3. Analisis lapis ketiga (objek-objek, latar, pelaku, dunia pengarang dan lain-lain) Lapis arti menimbulkan lapis ketiga berupa objek-objek yang dikemukakan, latar, pelaku, dunia pengarang, makna implisit, dan metafisis. Pada puisi Cintaku Jauh di Pulau, objek yang dikemukakan adalah cintaku, gadis manis, laut, pulau, perahu, angin, bulan, air laut, dan ajal.
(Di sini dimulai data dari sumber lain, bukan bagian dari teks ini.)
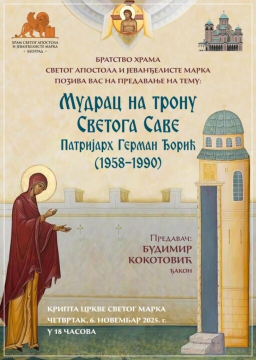 Братство храма Светог Марка у Београду позива вернике на духовно сабрање које ће бити одржано у четвртак, 6. новембра 2025, у крипти храма. Том приликом, ђакон Будимир Кокотовић одржаће предавање под насловом „Мудрац на трону Светога Саве – Патријарх Герман“.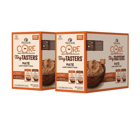 Wellness® CORE® is gebaseerd op de voedingsfilosofie dat katten, gezien hun voorouders, gedijen op een dieet dat voornamelijk uit vlees bestaat. Met de zachte paté-textuur waar katten dol op zijn en de eiwitrijke smaak waar ze naar hunkeren, zal CORE Tiny Tasters zeker een hit worden bij zelfs de meest kieskeurige katachtigen! Deze complete en uitgebalanceerde recepten zijn verkrijgbaar in gemakkelijk uit te knijpen zakjes van perfect formaat, ontworpen om restjes te elimineren. Hoogwaardige eiwitbron Gezonde eiwitmix Hydratatie en urinaire ondersteuning 100% graanvrij Easy-squeeze zakjes voor eenmalig gebruik Volledige en uitgebalanceerde voeding Grootte: 24 x 1,75 oz per doos Voedingsrichtlijn: Elke kat is een beetje anders, dus optimale voerhoeveelheden kunnen variëren met leeftijd, grootte, activiteitenniveau, ras en omgeving. Gebruik de voedingsrichtlijnen als eerste aanbeveling en pas deze indien nodig aan. Ongebruikte portie altijd in de koelkast bewaren. ZakformaatAlleen voerenVoeden met droogvoer 1,75 ons 3-4 zakjes voor elke 6 - 8 lbs lichaamsgewicht Verminder ⅛ kopje voor elke 1 natte zak.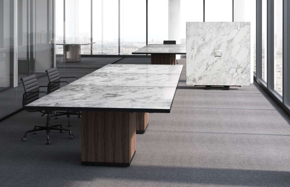 Adaptable mobile tables provide flexibility with executive-level sophistication.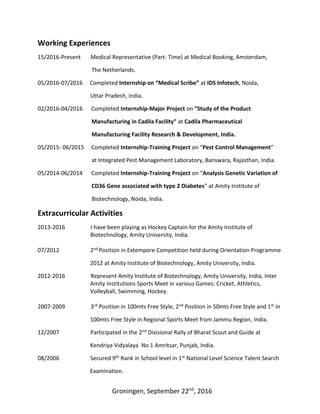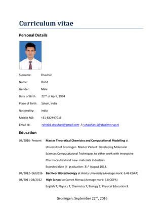 Rohit Chauhan is currently pursuing a Master's degree in Theoretical Chemistry and Computational Modelling at the University of Groningen in the Netherlands. He obtained his Bachelor's degree in Biotechnology from Amity University in India. Rohit has work experience as a medical representative and has completed internships in medical scribing, pharmaceutical manufacturing, pest control management, and genetic analysis related to diabetes. He is skilled in laboratory techniques, computer programs, and speaks English, Hindi, Punjabi and is learning Dutch. Rohit enjoys sports such as field hockey, soccer and swimming.

Pelaku atau tokohnya adalah si aku , sedang latarnya di laut pada malam hari yang cerah dan berangin. Jika objek-objek, latar, dan pelaku yang dikemukakan dalam puisi digabungkan, maka akan menghasilkan dunia pengarang atau isi puisi. Ini merupakan dunia (cerita) yang diciptakan penyair di dalam puisinya. Contoh, berdasarkan puisi Cintaku Jauh di Pulau kita dapat menuliskan dunia pengarang sebagai berikut : Kekasih tokoh aku (gadis manis) berada di suatu tempat yang jauh. Karena ingin menemuinya, pada suatu malam ketika bulan bersinar dan cuaca bagus, si aku berangkat dengan perahu. Akan tetapi, walaupun keadaan sangat baik untuk berlayar (laut terang, angin mendayu), namun si aku merasa ia tak akan sampai pada kekasihnya itu. Pelayaran selama

bertahun-tahun, bahkan sampai perahunya akan rusak, nampaknya tidak akan membuahkan hasil karena ajal lebih dulu datang. Ia membayangkan, setelah ia mati kekasihnya juga akan mati dalam kesendirian. Ada pula makna implisit yang walaupun tidak dinyatakan dalam puisi namun dapat dipahami oleh pembaca. Misalnya kata gadis manis memberi gambaran bahwa pacar si aku ini sangat menarik. Dalam puisi tersebut terasa perasaan-perasaan si aku : senang, gelisah, kecewa, dan putus asa.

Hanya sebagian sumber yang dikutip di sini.